Evasion Attacks on LLMs – A Checklist for LLM System Hardening

⚡ Quick Summary

This document is a concise, practitioner-oriented checklist designed to help organizations harden Large Language Model systems against evasion attacks. Published by Germany’s Federal Office for Information Security, it walks the reader through a chronological process: building foundational understanding, performing threat modeling, and implementing layered technical and organizational safeguards. Rather than promising a “silver bullet,” it is explicit about the current limits of LLM security and frames robustness as a continuous, risk-based effort. The checklist stands out for translating abstract AI security research into concrete, actionable steps that can be embedded into real system design, development, and operations.

🧩 What’s Covered

The checklist is structured into three main phases that mirror a realistic system lifecycle.

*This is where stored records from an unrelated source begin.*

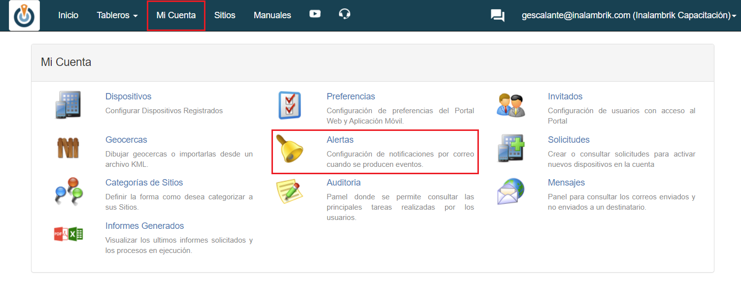 5. Ahora dirigirse a Mi Cuenta/Alertas para terminar de configurar sus alertas.
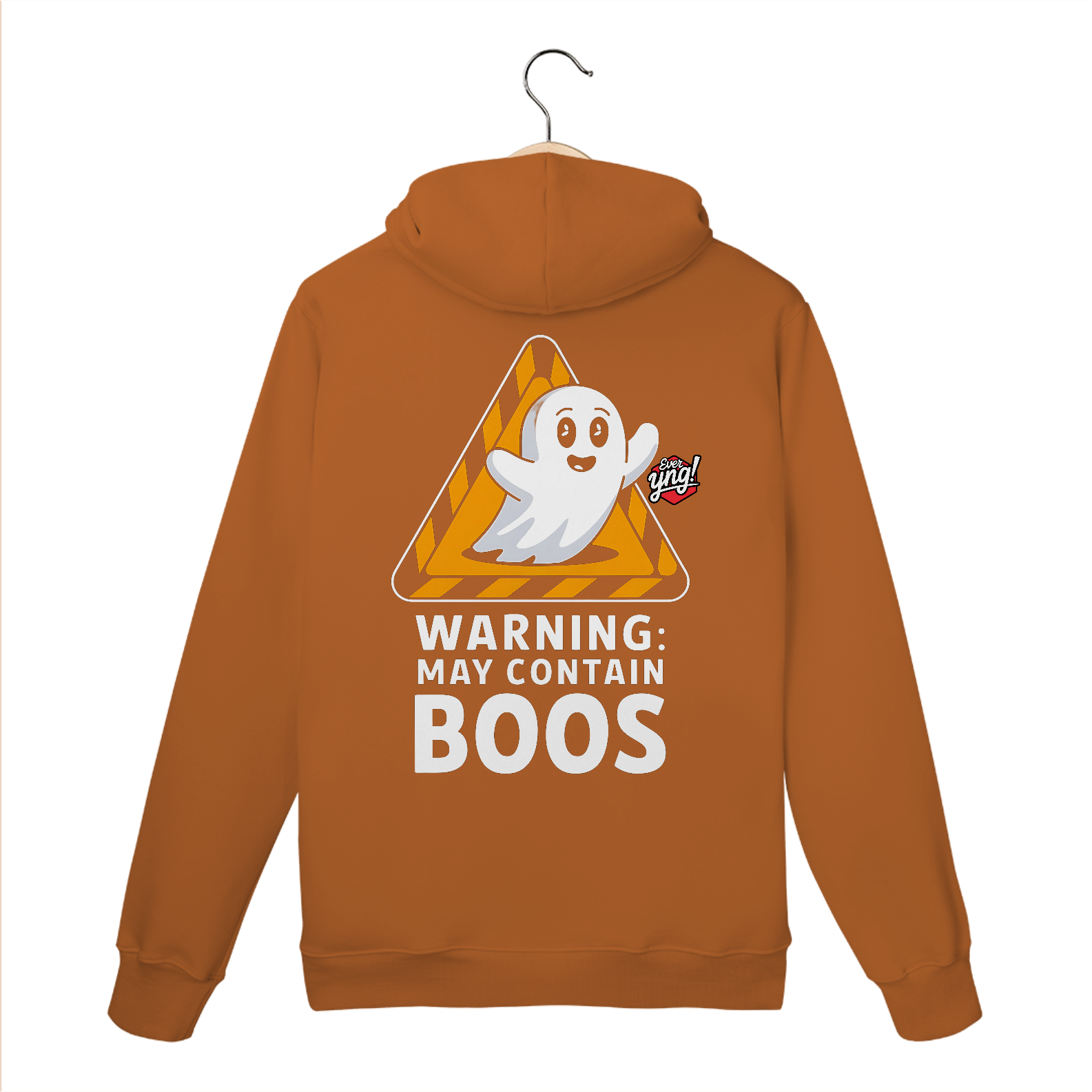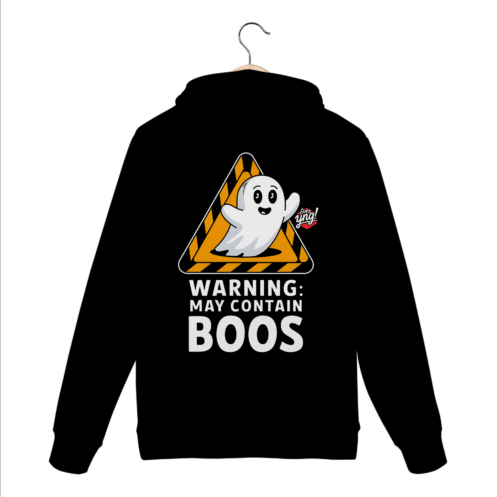 A estampa da Ever Yng! traz um fantasma simpático em um fundo preto, cercado por um sinal de alerta triangular. A frase "AVISO: PODE CONTER BOOS" adiciona um toque de humor leve, ideal para quem adora temas de Halloween com uma abordagem divertida. O design lúdico faz dessa peça uma escolha perfeita para quem quer celebrar o lado brincalhão do Halloween. A Ever Yng! novamente entrega uma estampa de alta qualidade com uma vibe jovem e criativa.
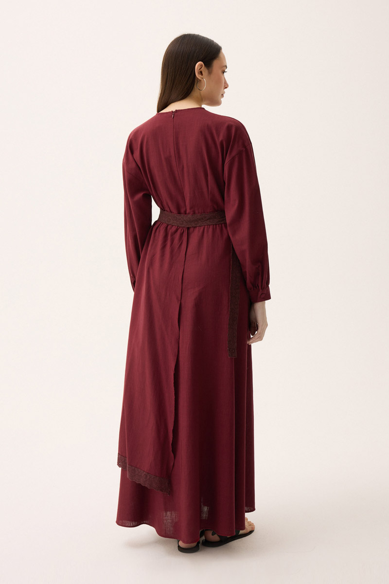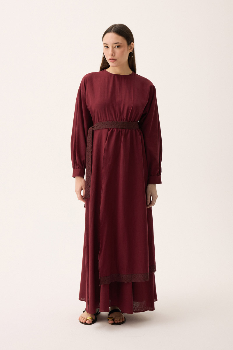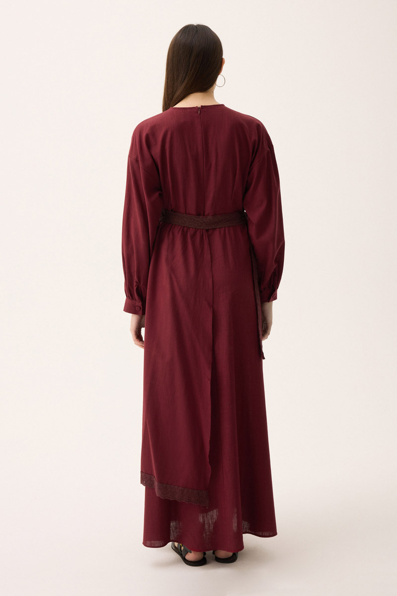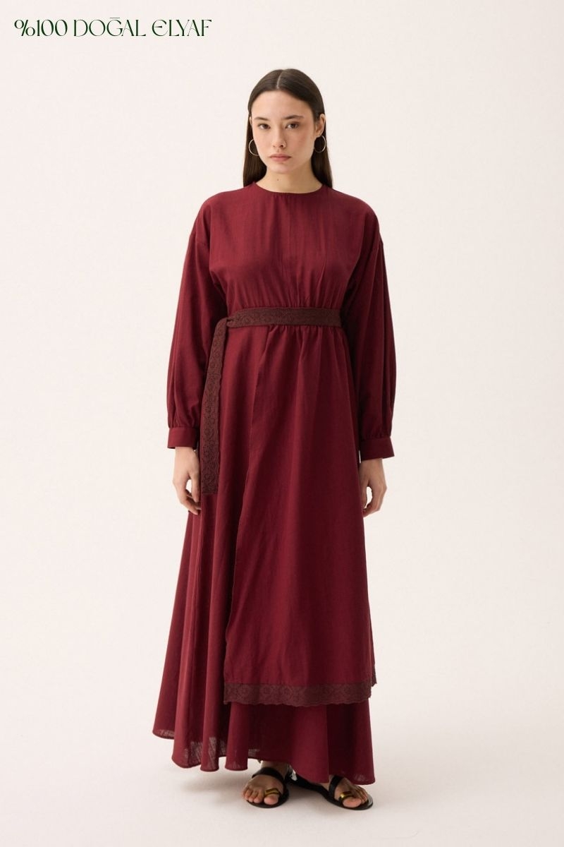 Güpürlü Zeren Elbise Bordo. Bisiklet yakadır, düşük omuzludur, Kemeri brode ve kumaş parça detaylıdır, kolları manşetli ve büzgülü beli kesik detaylıdır, cepsizdir, astarsızdır. Günlük kullanım için uygundur.
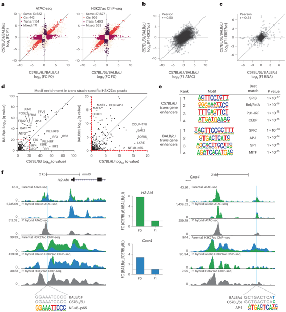 (a) 使用亲代小鼠(x轴)和 F1 杂交小鼠(y轴)的 Kupffer 细胞比较 ATAC-seq(左)和 H3K27ac ChIP-seq(右)的比率。 (b) IDR ATAC-seq 峰处的等位基因 ATAC-seq 和 H3K27ac ChIP–seq 读数的相关性。(c) 至少一个样本中 TPM > 4 表达的转录本的等位基因 RNA-seq 读数和启动子 H3K27ac ChIP-seq 读数的相关性以及具有超过 8 个 H3K27ac ChIP-seq 读数的启动子。(d) 反式BALB/cJ特异性增强子(y轴)和反式C57BL/6J H3K27ac增强子(x轴)中转录因子基序的富集得分。 (e) 与C57BL/6J或BALB/cJ转基因相关的活性增强子的从头基序富集。(f) 反式调节基因上游的反式调节表观遗传基因座的例子。
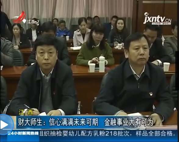 江西电视台以题为《财大师生:信心满满未来可期 金融事业大有可为》对我校进行了报道。电视台还对金融学院院长汪洋、金融学院大四学子张禄进行了专访。(相关链接:http://v.jxntv.cn/2017/1018/8710200.shtml我校的报道在从5分42秒开始)
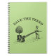 Vintage Abbildung eines Mannes mit einem jungen Baum in einem Topf + eine traditionelle Schrift: "Rett die Bäume" (nicht anpassbar). Individuell anpassbares Spiralnotebook n°2. Sie können einfach Text hinzufügen und Größe und Position des Bildes ändern, indem Sie auf die Schaltfläche Anpassen klicken.
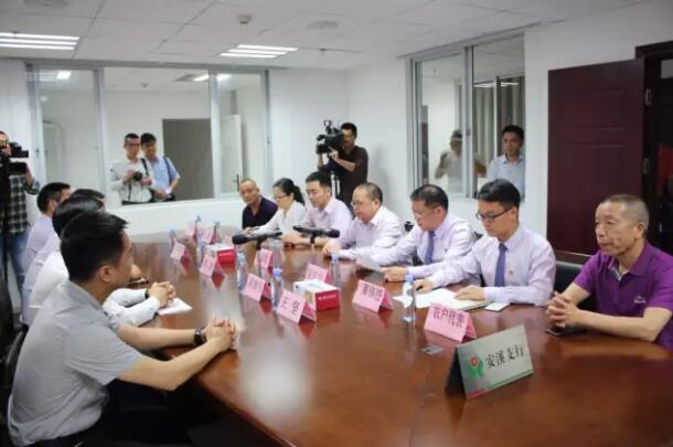 启动仪式结束后,安溪县领导洪龙与泉州农商银行党委委员吴志民一行进行亲切交流。总行党委委员吴志民就泉州农商银行近年来各项业务发展情况进行汇报,泉州农商银行作为深耕本土的银行,始终坚持“服务三农、助力小微、造福民生”的战略定位,立足县域经济,助力农民增收致富,持续发挥“小法人、大系统”的优势,坚持“不忘初心,顺势而为;行稳致远,砥砺前行”的经营策略,全力以赴打造“四好银行”,积极助力地方经济发展。安溪县领导洪龙对泉州农商银行的发展思路和工作举措表示肯定和赞赏,希望安溪县支行能继续发挥自身优势,造福县域百姓,助推县域经济发展。

First, the Foundation section focuses on awareness and competence-building. It emphasizes understanding how LLMs work, how evasion attacks operate, and why they succeed. This includes hands-on experimentation, red teaming, and even attempting to build attacks yourself. Notably, it treats user awareness as a security control, not an afterthought.

Second, Threat Modelling dives into use-case specific risk analysis. It guides teams to clearly define the LLM’s task, inputs, outputs, and system components, then identify attack targets and impacts. A key contribution here is the explicit reference to the “Lethal Trifecta” / “Agents Rule of Two”: the dangerous combination of access to private data, exposure to untrusted input, and the ability to perform external actions. The checklist operationalizes this concept through concrete diagnostic questions rather than theory alone.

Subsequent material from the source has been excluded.